Since my job sabbatical has kept me from enjoying the company of fine writers, I’ve noticed a dramatic (okay not that dramatic but noticeable) shift in my writing schedule. From an early morning writer, I’ve now been converted into an evening one.
It’s a bit of a surprise. I had always prided myself to being able to beat the sun in waking up by falling out of bed (it’s amazing how trying to save one’s nose from landing butter side down works better than coffee). Then spend the next hourish or so in front of my laptop, propped upright by a combination of sunlight and YouTube music and typing until the synapses from my teeth have finally reached my brain, poking me to go brush my teeth and stuff cereal down my gob. I got (mostlyish) decent writing during that time.
Morning writing made sense; many of my contemporaries were early birdies, pounding out a page or two of writing then spend the rest of the day positively beaming in writerly glow, and I beamed along with them. Late nights were for kids doped up on too much candy who grew up to be college frat boys surviving on Gatorade and thumb exercise doing videogame blitzes and slept past noon.
Then I asked a writerly friend of mine when he writes. His answer? He’s nocturnal. He exaggeratedly works until he can see the sun again and wakes up at noon. Slacker? No because he isn’t letting the brain fluids leak out over a flashy screen and game controller, he’s an editor for an online magazine and late at night is how he ticks. So I tried a switch.
Now that I finish work late it’s an easy transition to meld into writing around the hours hovering around midnight. And I’m happy, well sorta mostlyish happy. Instead of getting my body to start, it’s holding it together with new ways to abuse the English language and the smooth jazz of seeing words run along a page to stop my eyelids from collapsing under the weight of ideas.
So this is where I have a curiosity you lot can itch. What’s your favourite time to write? Do you write before the daily grind of traffic jams, checking email, lunch with coworkers comes roaring in or late evening when the stress is winding away and you are free for some me time.

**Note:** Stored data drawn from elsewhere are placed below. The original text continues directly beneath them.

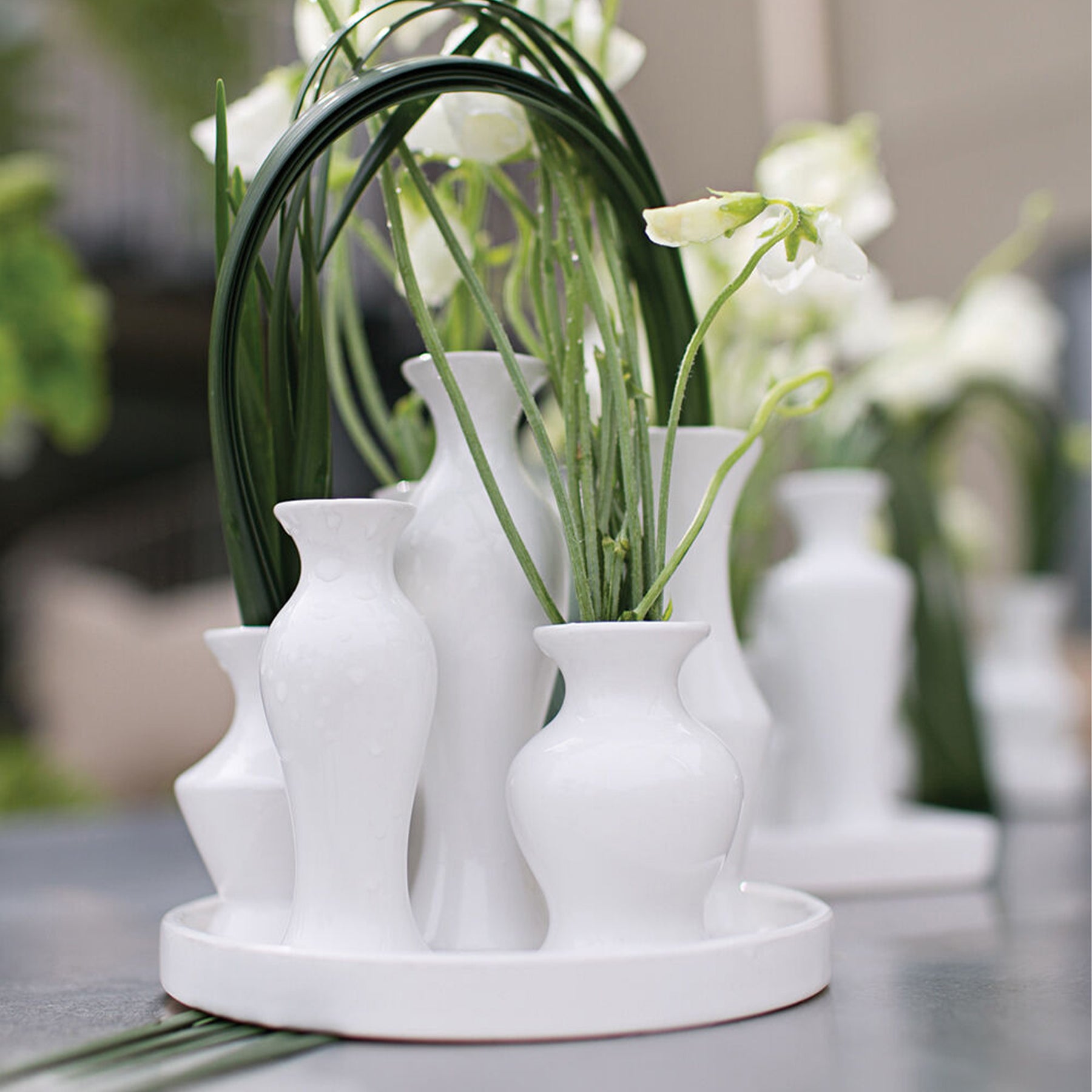 With the Chic Budvase, the name speaks for itself, and the style stands out on its own, with or without stems. Featuring 6 unique ceramic budvases in varying heights and styles attached to a round tray, this watertight piece with a glossy white finish brings dimension and playfulness to everyday or event tabletop centerpieces.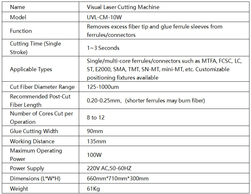 The UVL-CM-10W visual laser cutting machine is a device designed for the optical communications field to laser-cut and remove glue ferrules and excess fiber from single-core and multi-core fiber optic connectors/ferrules, focusing on products like single-core, MT, and FA connectors. It precisely removes glue ferrules and fiber tip, minimizing fiber notches and crescent defects while reducing fiber damage. This streamlines polishing processes and reduces polishing volume, saving time and improving test yield rates. Featuring high precision and ease of operation, it delivers smooth, burr-free fiber end-faces post-cutting—ready for direct polishing with enhanced results. This boosts efficiency significantly.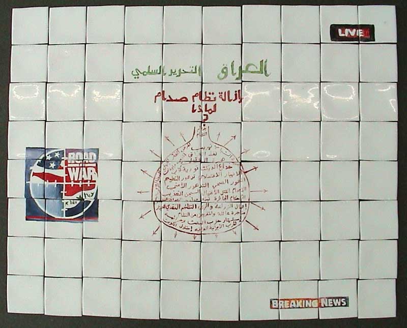 IRAQ DIALOG: BIG STORY SHOCK & AWE, BREAKING NEWS, AMERICA AT WAR2003 Arabic text and calligraphy by Hikmat, 2003 logo painted by RG Translation: (21 B) IRAQ / FREE INDEPENDENT SOVEREIGN STATE / NATIONAL IRAQI SOVEREIGNTY IS THE AIM OF THE IRAQI PEOPLE / UN SECURITY COUNCIL RESOLUTION 1483 / AUTHORIZES US + UK TO LAUNCH WAR AND OCCUPATION OF IRAQ / SHAME ON THE UNITED NATIONS/ US + UK / HIJACKED THE SOVEREIGNTY OF IRAQ FROM THE IRQI PEOPLE APPROVED BY THE WORLD COMMUNITY painted and fired ceramic tiles, size : 60 cm x 80 cm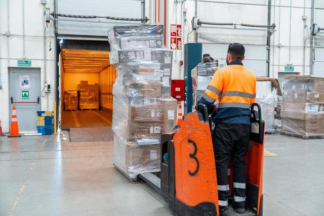 菜鸟马德里仓工作人员正在装运出库货物

My hypothesis is that there’s never a definitive time. That is we are always searching for the time when our brain’s on a groove to dedicate the time the will the energy to sit that ass down and put pen on paper or fingertips on keyboard. So to add to morning and evening polling, who doesn’t have a set schedule?
Poll below
If computer’s out of ink, ink it.
Still working on a snappy line.
By Joshua P’ng, a North York Writer
p.s. I’m thinking of starting the North York Writers Facebook group in order to post our meetings as events to encourage more people to come. What’s your opinion?
Newsflash of the day: Canadian Reads winner Joseph Boyden is from North York, woo hoo!